PROVIDED RECORDS Start Marker

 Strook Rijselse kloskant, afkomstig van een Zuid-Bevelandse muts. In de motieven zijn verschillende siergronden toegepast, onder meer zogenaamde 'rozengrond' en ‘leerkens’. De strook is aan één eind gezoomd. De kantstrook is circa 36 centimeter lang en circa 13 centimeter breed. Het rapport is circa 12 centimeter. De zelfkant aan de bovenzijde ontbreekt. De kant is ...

PROVIDED RECORDS End Marker
PROVIDED RECORDS Start Marker

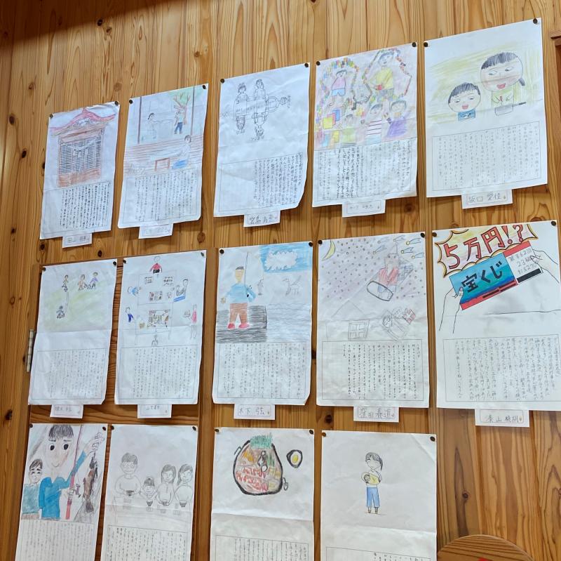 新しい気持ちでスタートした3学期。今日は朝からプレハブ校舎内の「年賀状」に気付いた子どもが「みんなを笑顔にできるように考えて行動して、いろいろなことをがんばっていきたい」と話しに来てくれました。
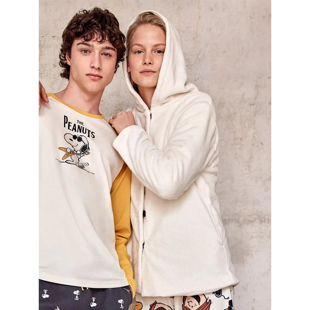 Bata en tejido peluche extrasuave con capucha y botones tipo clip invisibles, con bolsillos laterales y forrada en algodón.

PROVIDED RECORDS End Marker
PROVIDED RECORDS Start Marker

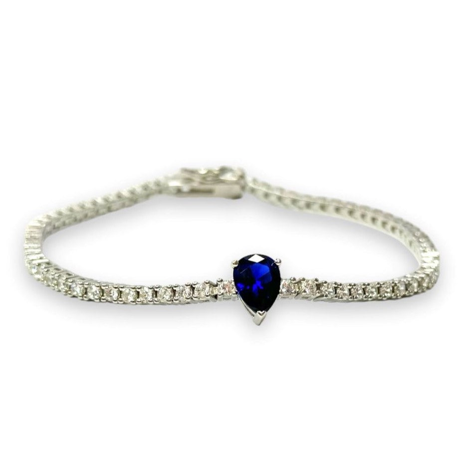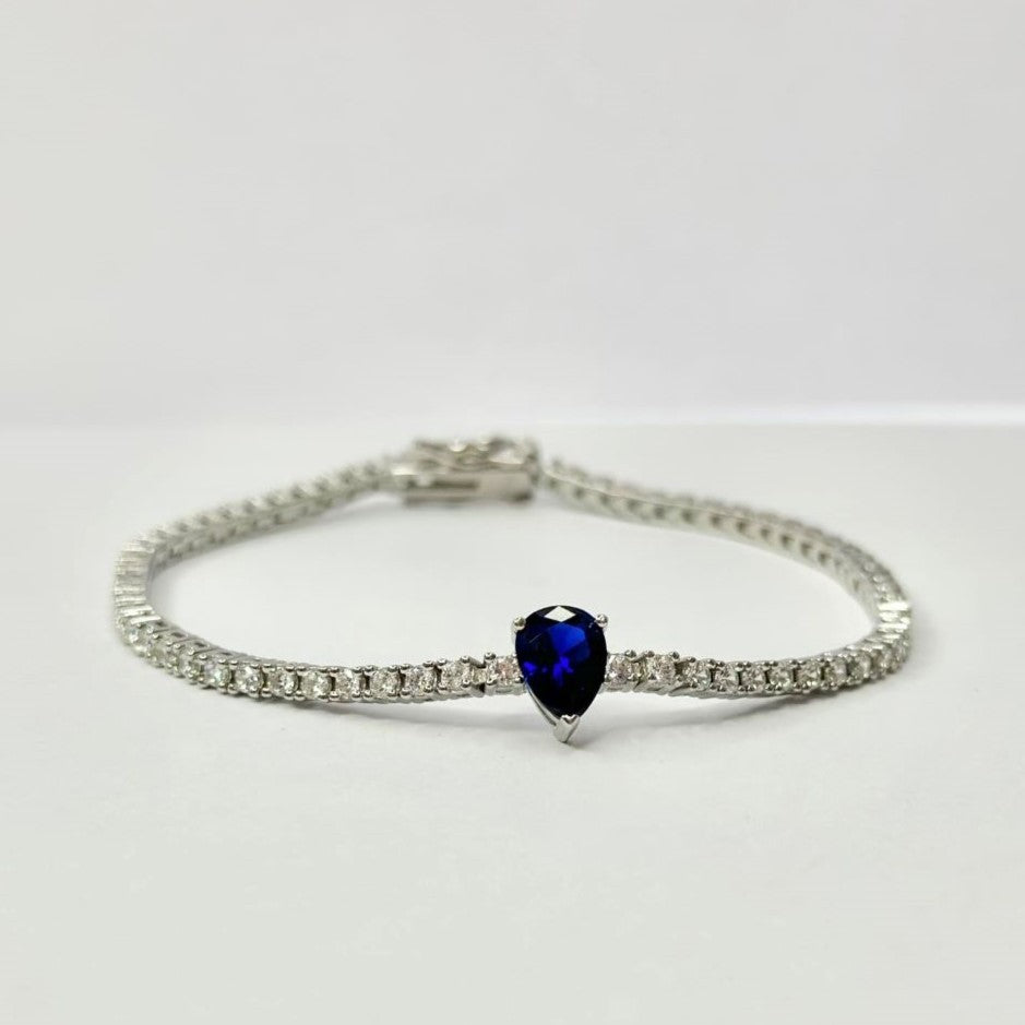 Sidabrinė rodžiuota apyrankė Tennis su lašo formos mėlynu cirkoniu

PROVIDED RECORDS End Marker

TASK TO COMPLETE:
Within the entries above, give again exactly the lines starting at the one that contains "新しい気持ちでスタートした3" and ending at the one that contains "Bata en tejido", leaving out the pictures.

RESPONSE TO THE TASK:
 新しい気持ちでスタートした3学期。今日は朝からプレハブ校舎内の「年賀状」に気付いた子どもが「みんなを笑顔にできるように考えて行動して、いろいろなことをがんばっていきたい」と話しに来てくれました。
 Bata en tejido peluche extrasuave con capucha y botones tipo clip invisibles, con bolsillos laterales y forrada en algodón.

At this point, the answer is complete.